THE TASK: After finding "Love Letter Wooden" in the material below, output its line and every line after it through the last, exactly, but not the pictures.

MATERIALS PROVIDED:

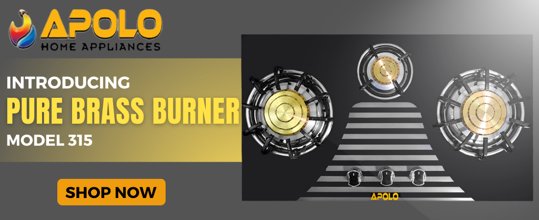 Model 315 - Pure Brass Burner - 3 Burner - Manual Hob / Stove - 100% Pure Stainless Steel Top
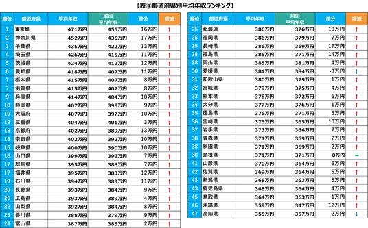 都道府県別:47都道府県のうち44都道府県で年収アップ。前年同様1~5位までを関東エリアが占める
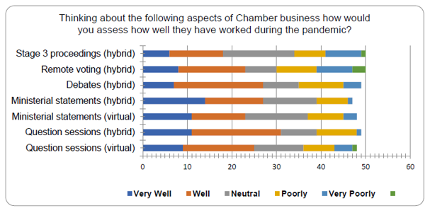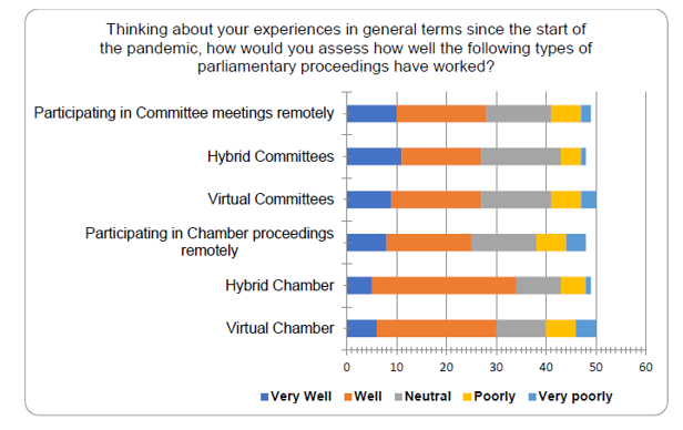 1. The survey indicated that MSPs' experience was mixed, with differing assessments from Members. Around 50-60% of the MSPs who responded considered that the arrangements had worked well or very well for various forms of parliamentary proceedings, while a significant minority of 10-20% considered that the arrangements had worked poorly or very poorly.
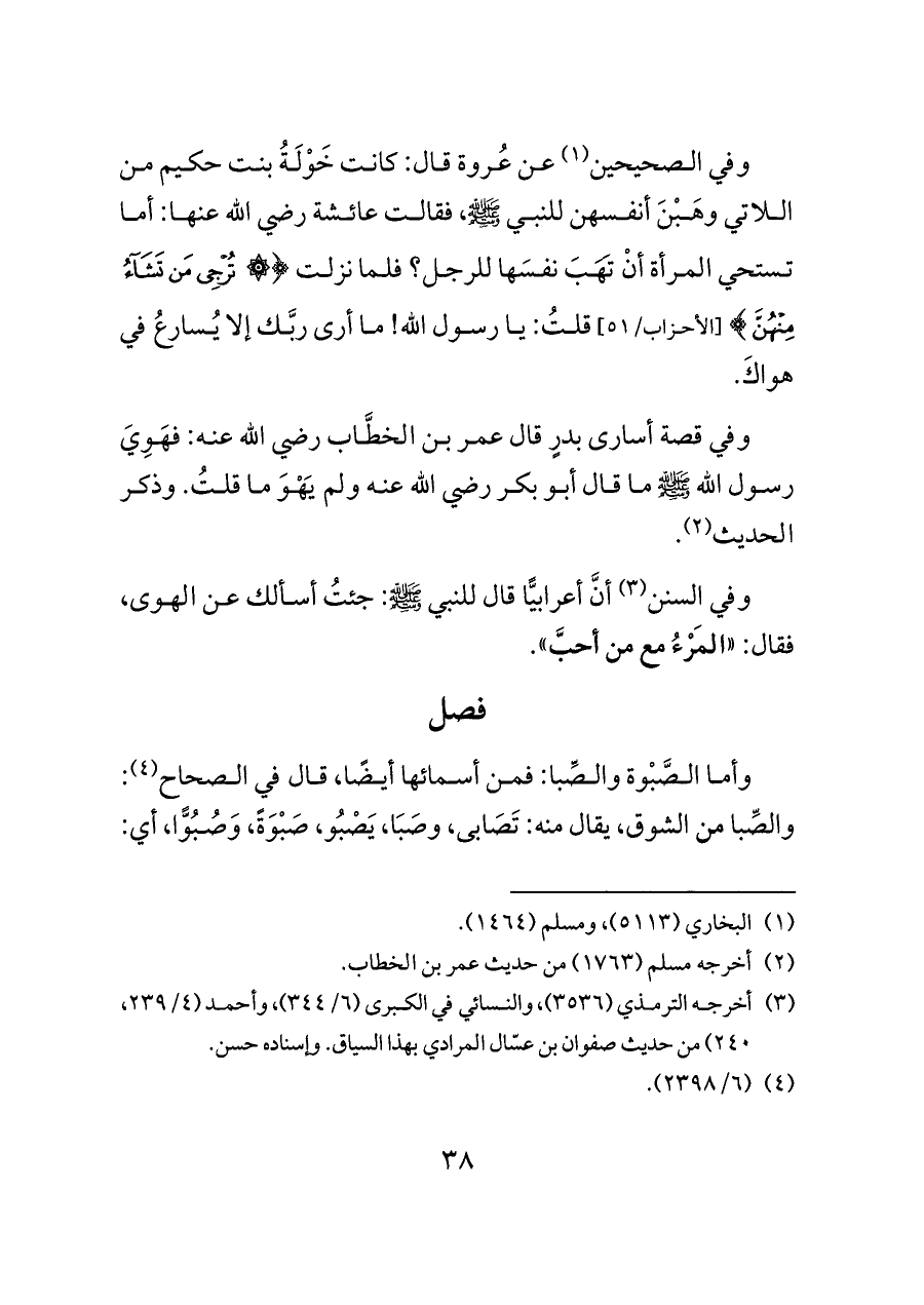 وفي السنن (¬٣) أنَّ أعرابيًّا قال للنبي - صلى الله عليه وسلم -: جئتُ أسألك عن الهوى، فقال: «المَرْءُ مع من أحبَّ».
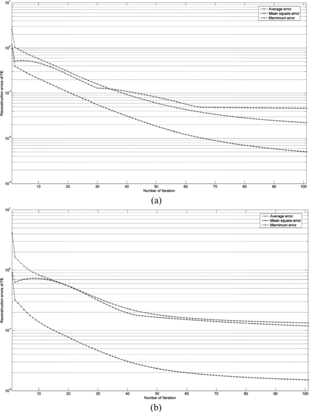 The four reconstructed images with the FE algorithm are shown in Figure 3, where the relaxation parameter α of FE is 0.3 for all the four physical models. Furthermore, the convergence of FE has been studied. Figure 4 shows the convergence properties of FE for the reconstructions of TCP and TR.
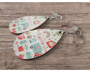 Love Letter Wooden Decoupage Dangle Teardrop Earrings
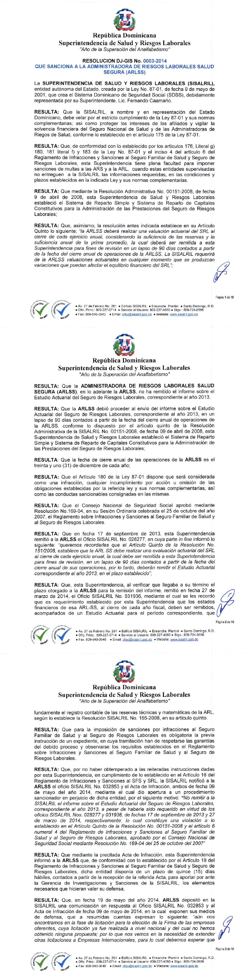 RESOLUCION DJ-GIS No.0003-2014 que sanciona a la ARL
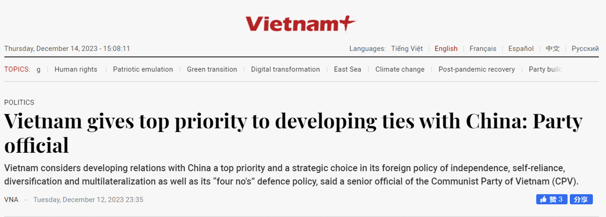 中国日报网12月14日电 12月12日,中国和越南共同宣布中越两党两国关系新定位,在深化中越全面战略合作伙伴关系基础上,携手构建具有战略意义的中越命运共同体。国际媒体对中越关系新定位进行了密集报道,认为双边关系更加重要,中越两党两国关系迈上新台阶。
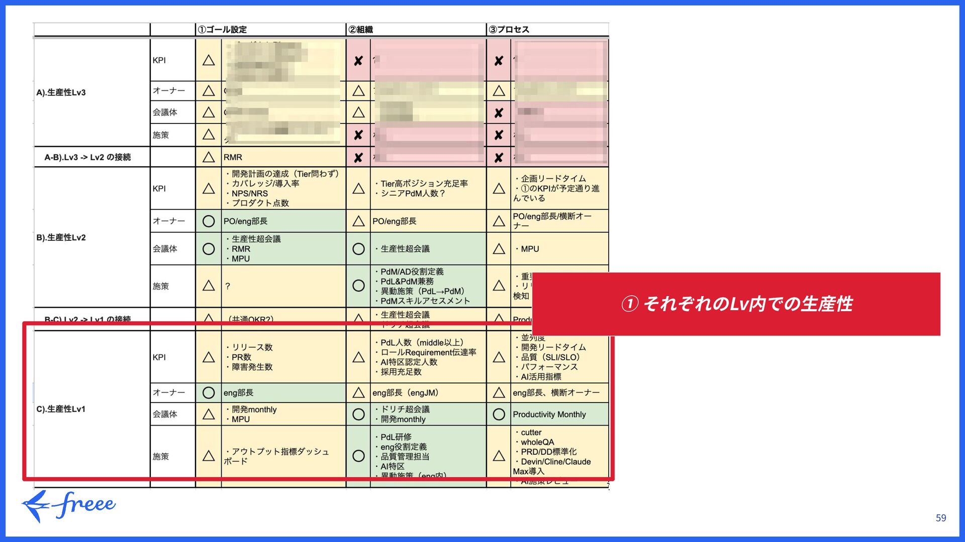 58 Lv1~3⽣産性と各Lvの接続点 ✕ KPI、組織状況、プロセス状況 それぞれの充⾜状況を ヒートマップ的に可視化
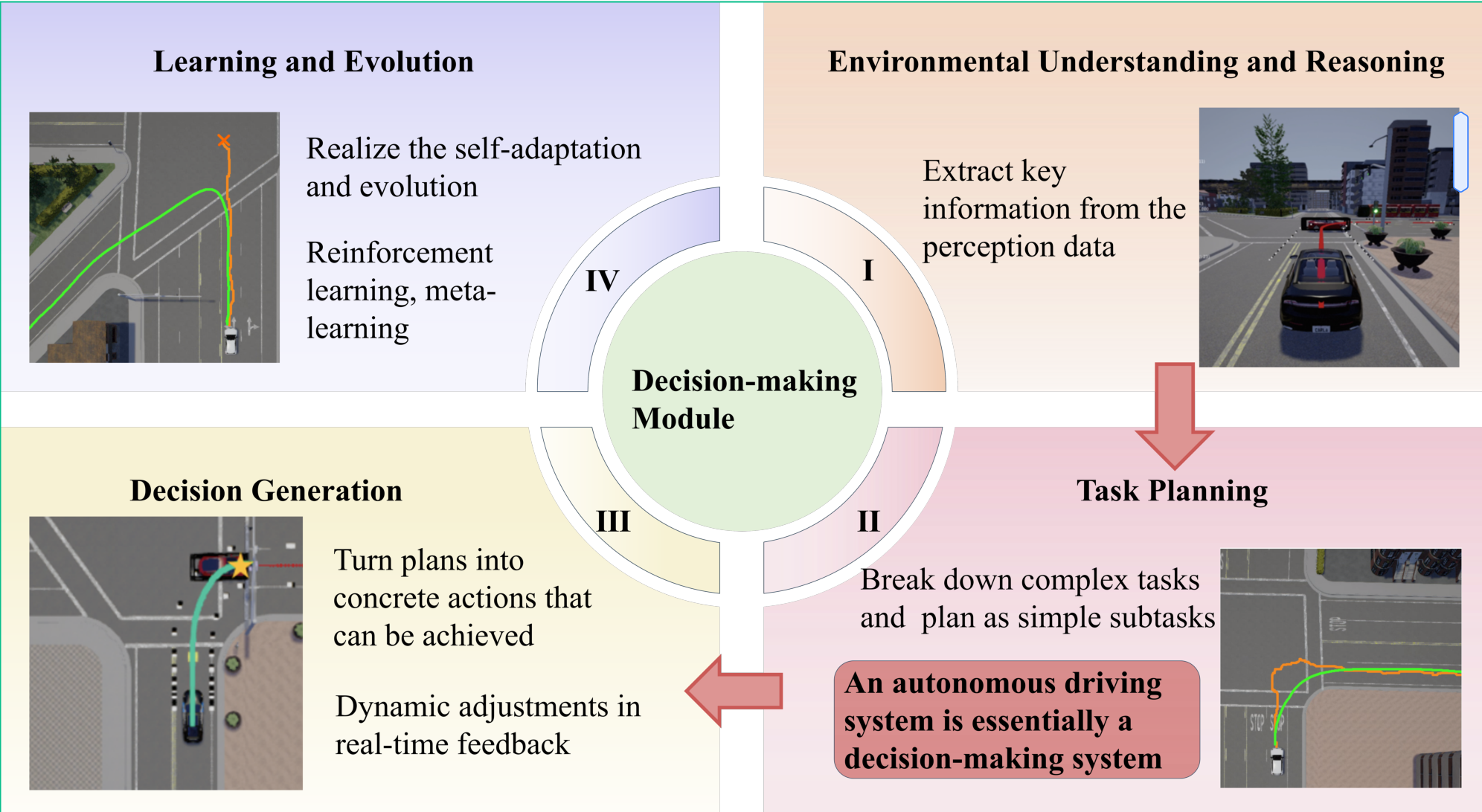 决策模块细分为四个子功能:环境理解与推理、任务规划、决策生成、学习与进化框架,并在 Fig.4 和 Fig.5 中分别展示了静态结构与动态学习过程。(arXiv)
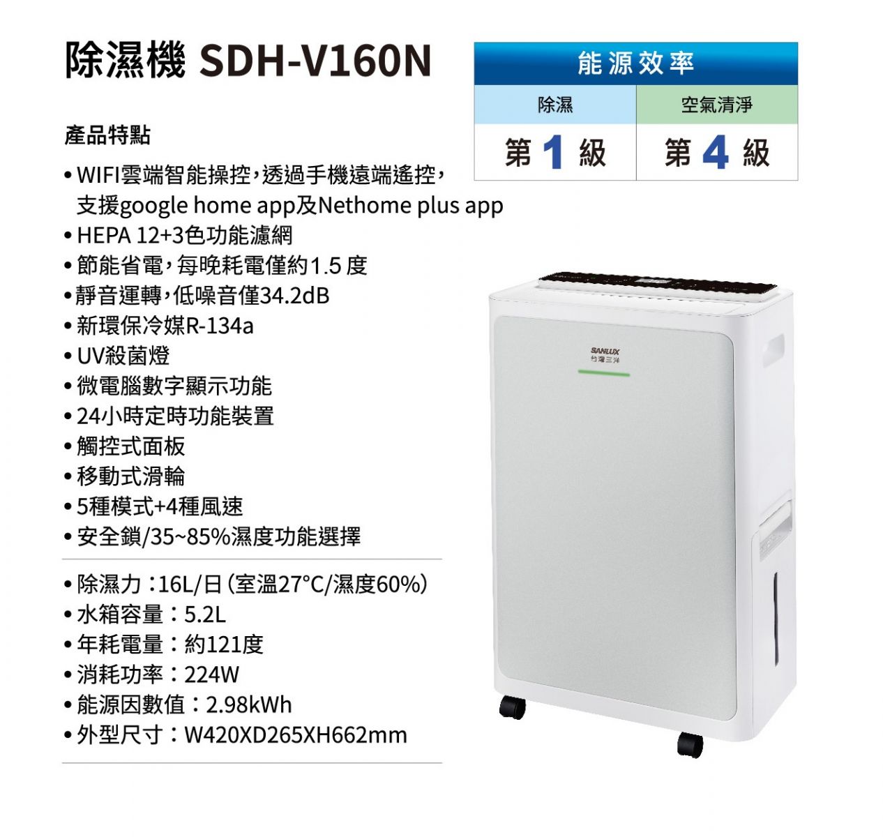 | 能源因數值 | 2.98 L/kWh | |

YOUR SOLUTION:
 Love Letter Wooden Decoupage Dangle Teardrop Earrings
 RESOLUCION DJ-GIS No.0003-2014 que sanciona a la ARL
 中国日报网12月14日电 12月12日,中国和越南共同宣布中越两党两国关系新定位,在深化中越全面战略合作伙伴关系基础上,携手构建具有战略意义的中越命运共同体。国际媒体对中越关系新定位进行了密集报道,认为双边关系更加重要,中越两党两国关系迈上新台阶。
 58 Lv1~3⽣産性と各Lvの接続点 ✕ KPI、組織状況、プロセス状況 それぞれの充⾜状況を ヒートマップ的に可視化
 决策模块细分为四个子功能:环境理解与推理、任务规划、决策生成、学习与进化框架,并在 Fig.4 和 Fig.5 中分别展示了静态结构与动态学习过程。(arXiv)
 | 能源因數值 | 2.98 L/kWh | |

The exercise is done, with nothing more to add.